**Stored data**
□ □ □ □
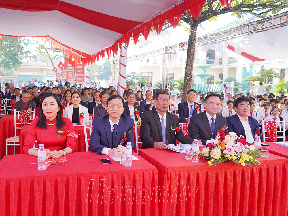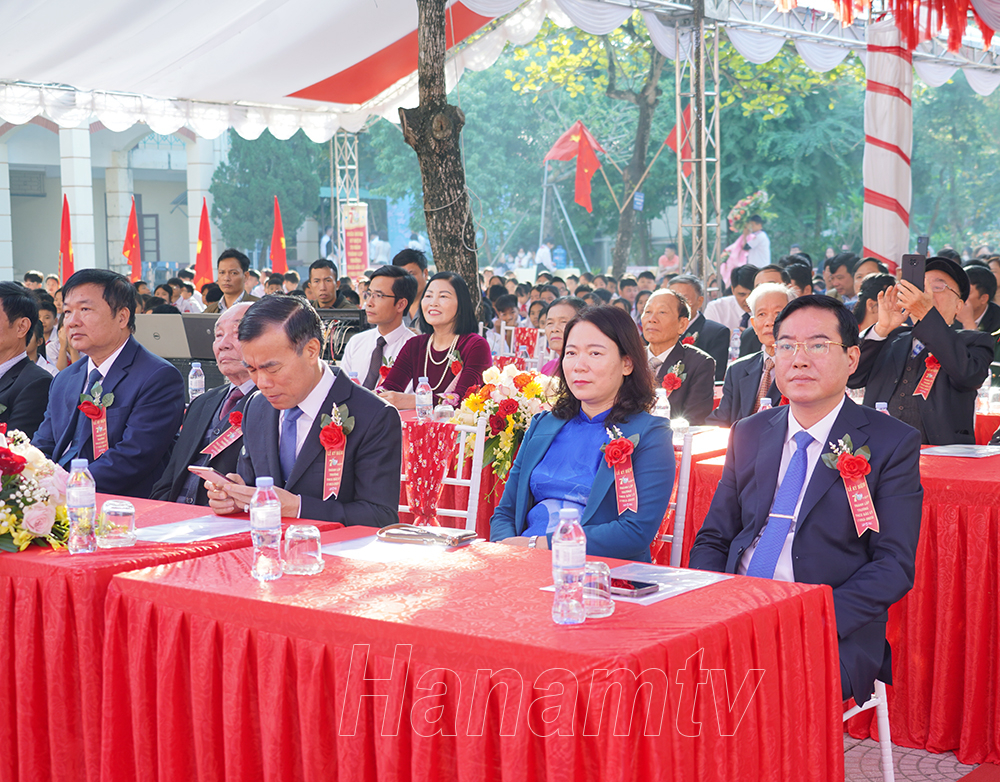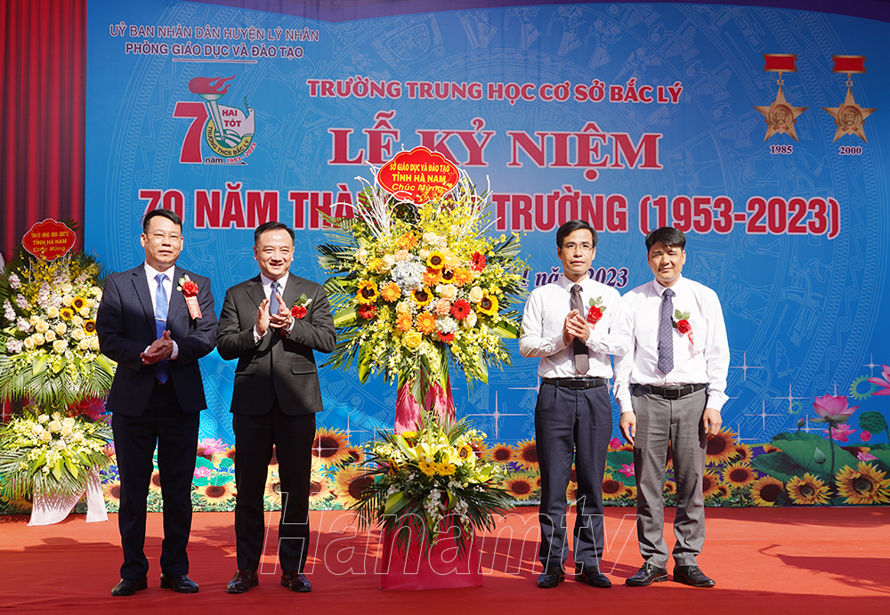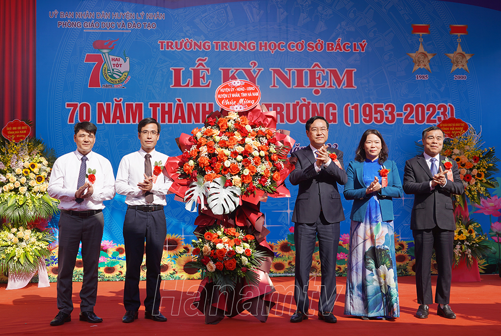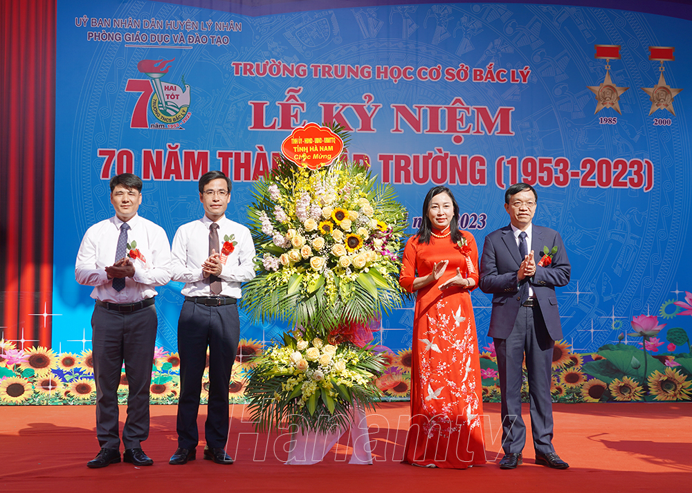 Lãnh đạo Sở Giáo dục và Đào tạo tặng hoa chúc mừng nhà trường.Lãnh đạo huyện Lý Nhân tặng hoa chúc mừng nhà trường.
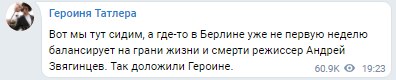 Например, в Телеграм-канале "Героиня Татлера" заявляют, что "в Берлине уже не первую неделю балансирует на грани жизни и смерти режиссер Андрей Звягинцев" с последствиями COVID-19.
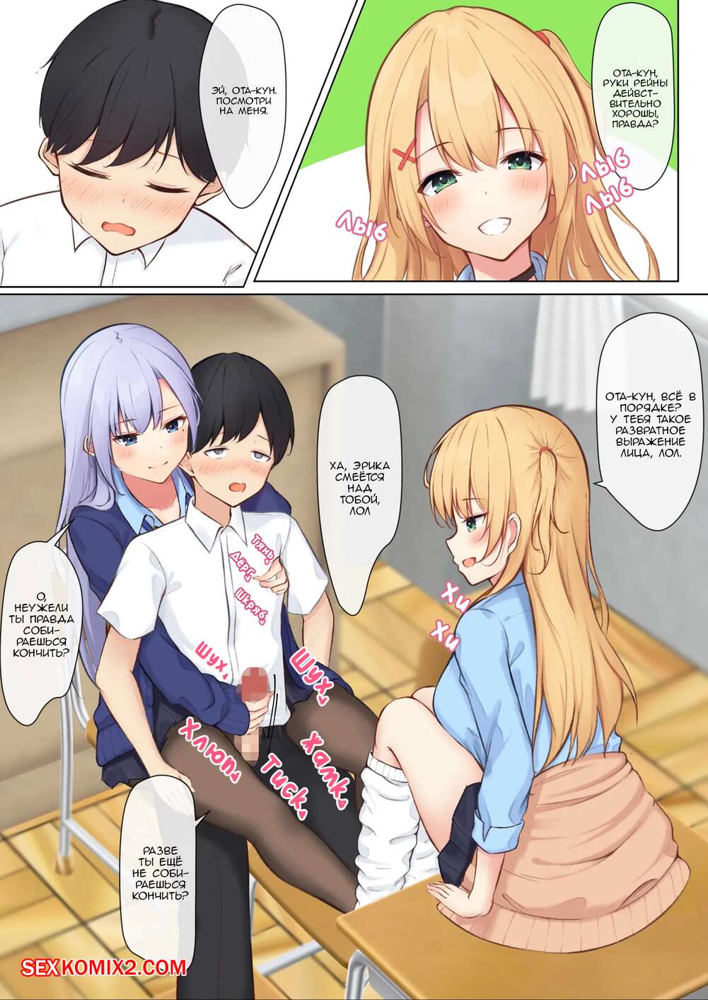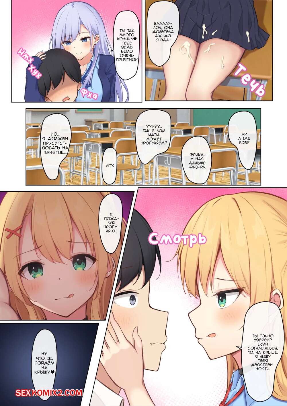 Порно комикс Каждый день гярустаршеклассницы дразнят меня, и я устал от этого Горячие сисястые школьницы любят трахаться, поэтому они регулярно соблазняют молодого парня со школы. Сучки сосут большой хуй парня с удовольствием, после чего дают ему себя выебать.
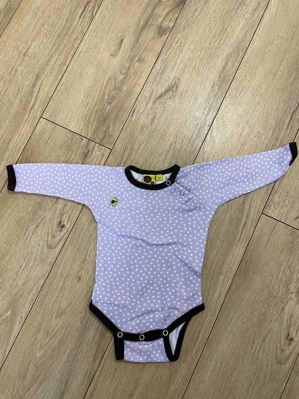 Мінімальне замовлення у продавця на 100 грн. Бузковий бодік (колір ближче до першого фото) у відмінному стані (трохи кашлатиться) на дитину до трьох місяців. Довжина виробу по спинці 36 см, напівобхват грудей 21 см, довжина рукава від пахви 19 см. Тканина бавовна тягнеться. Дешевше та більше товару на kupi-slona*pp*ua Модель 4372
□ □ □ □
**Description of the task**
The answer should match the data above word for word, with no pictures in it.

**Answer for the task**
 Lãnh đạo Sở Giáo dục và Đào tạo tặng hoa chúc mừng nhà trường.Lãnh đạo huyện Lý Nhân tặng hoa chúc mừng nhà trường.
 Например, в Телеграм-канале "Героиня Татлера" заявляют, что "в Берлине уже не первую неделю балансирует на грани жизни и смерти режиссер Андрей Звягинцев" с последствиями COVID-19.
 Порно комикс Каждый день гярустаршеклассницы дразнят меня, и я устал от этого Горячие сисястые школьницы любят трахаться, поэтому они регулярно соблазняют молодого парня со школы. Сучки сосут большой хуй парня с удовольствием, после чего дают ему себя выебать.
 Мінімальне замовлення у продавця на 100 грн. Бузковий бодік (колір ближче до першого фото) у відмінному стані (трохи кашлатиться) на дитину до трьох місяців. Довжина виробу по спинці 36 см, напівобхват грудей 21 см, довжина рукава від пахви 19 см. Тканина бавовна тягнеться. Дешевше та більше товару на kupi-slona*pp*ua Модель 4372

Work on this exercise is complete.